Electrolysis is generally studied in Electrochemistry as a system that contains a vat or electrolytic cell (a container) with a liquid substance or in solution, in which two electrodes are immersed (the cathode or negative pole and the anode or pole positive). Such electrodes are connected to a generator (cell or battery) which, when turned on, conducts electricity from a electrode to another through the liquid, causing oxidation-reduction reactions that transform electrical energy into energy chemistry.
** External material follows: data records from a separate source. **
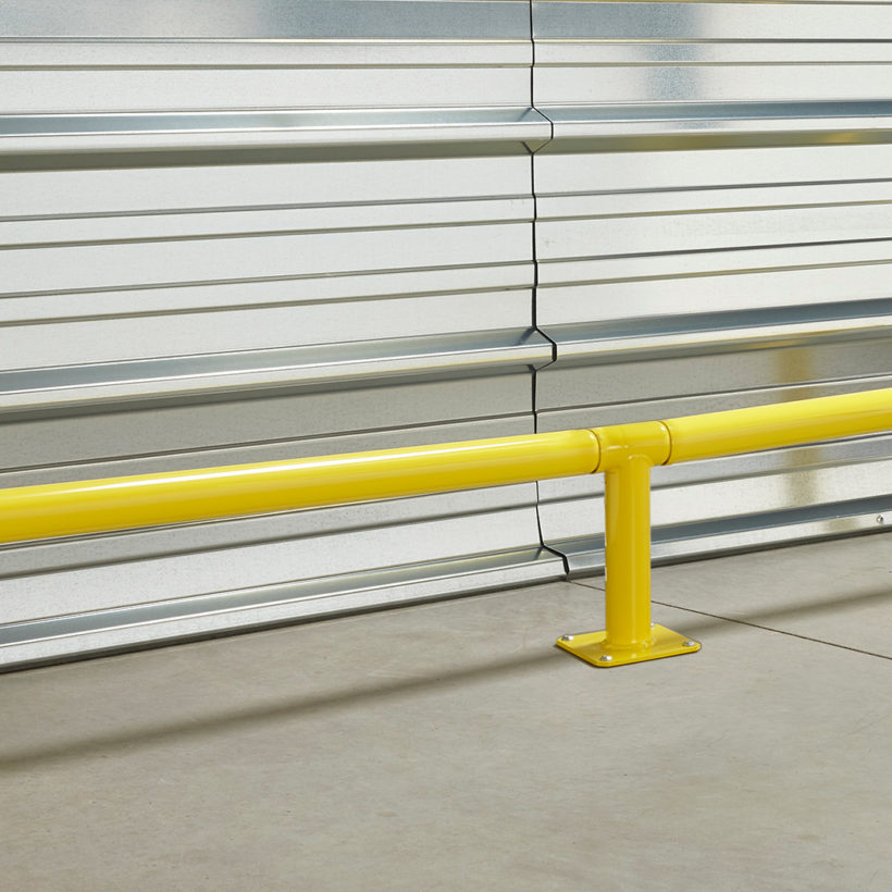 Sweeps Tube Ø60 - Height 30cm - Effective depth 25cm / 35.5cm overall finish powdery yellow rust Floor fixing by plate 150 x 150mm, thickness 5mm, 4 holes Ø11mm - Working length 246cm - Overall Length 258cm Color yellow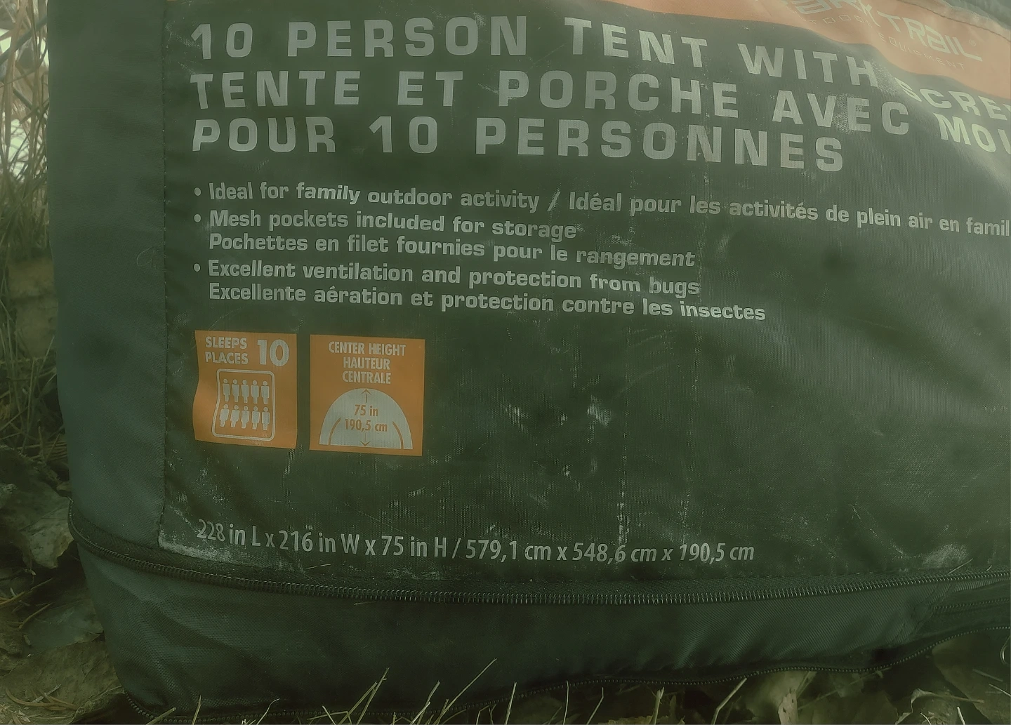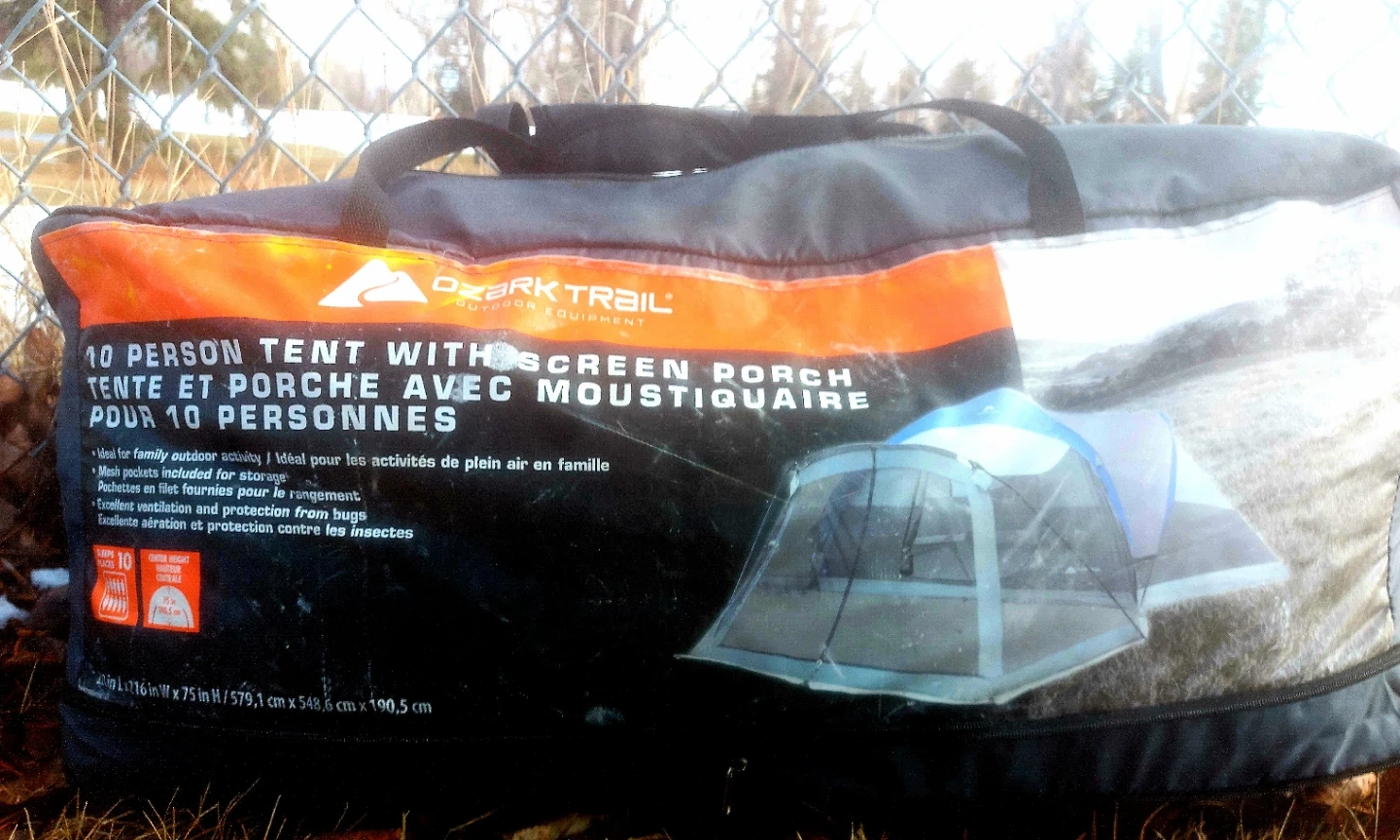 Ozark Trail 10 person tent with a screen porch. Sleeps 10 people and has a center height of 75 inches. It's 228 inches long by 216 inches wide. Mesh pockets are included for storage. Includes a screen porch!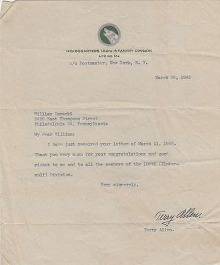 (1888 - 1969) American general, commanded the First Infantry Division in North Africa and Sicily, 1942-43, later selected to lead the 104th Infantry Division. Allen's "Big Red One" fought in North Africa and Sicily, then with the 104th he pushed through France, fought at the Bulge, and moved across the Rhine to Cologne. War-date T.L.S. on Headquarters, 10th Infantry Div. letterhead, 1p. 4to., Mar. 26, 1945 thanking a man for his "...good wishes to me and to all the members of the 104th (Timberwolf Division)...". Fine.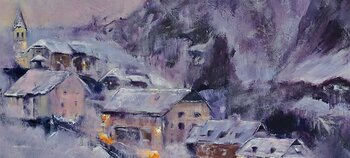 Bei der Erstellung dieser Arbeit wollte ich die ruhige und fast mystische Essenz einer Winterlandschaft einfangen. Mit Öl und Kreide habe ich Farbschichten aufgetragen, um die Kühle und Stille des Schnees hervorzurufen, der das Dorf umhüllt, und so ein Gefühl friedlicher und dennoch verbundener Isolation zu schaffen. Jeder Pinselstrich soll das Gefühl einer stillen Umarmung der Natur vermitteln und zum Nachdenken und einem Gefühl des inneren Friedens… einladen. Dieses Gemälde bereichert einen Raum nicht nur ästhetisch, sondern verleiht ihm auch eine ruhige und nachdenkliche Energie.

However, when electrolysis is applied in industries, in practice it is not just an electrochemical cell with two electrodes; but rather several huge tanks connected in series, as shown in the opening image. In addition, only one generator with enough capacity is used to service all these tanks, because if a generator were used for each tank, the economic loss would make production unfeasible industrial.
In the text Quantitative Aspects of Electrolysis it was shown that by means of the electric charge formula (Q = i. t) and through the relation of the Faraday constant (96500 C) with the molar masses of the substances and with the half-reactions balanced cathodic and anodic, it is possible to determine the mass of the substance that has been processed or obtained in a vat electrolytic.
This can also be done in the case of series electrolysis. But there are two factors that must be taken into account:
1. Since the generator is one for all the electrolytic cells, the time (t) and the intensity of the electric current (i) will be the same for all the cells. Therefore, the electrical charge (Q) will also be the same for all cells;
2. The mass obtained or transformed in each cell will be different, since the substances contained in each one are distinct. This is because, for example, the Zn ion2+ requires twice as many electrons as the Ag ion1+. These masses can be calculated using rules of three or directly using the formula below:
m = __M. Q__
q. 96500
On what:
M = molar mass of each substance;
Q = electrical charge of the system;
q = ion charges, eg if the ions are Ag1+, the value of q will be 1.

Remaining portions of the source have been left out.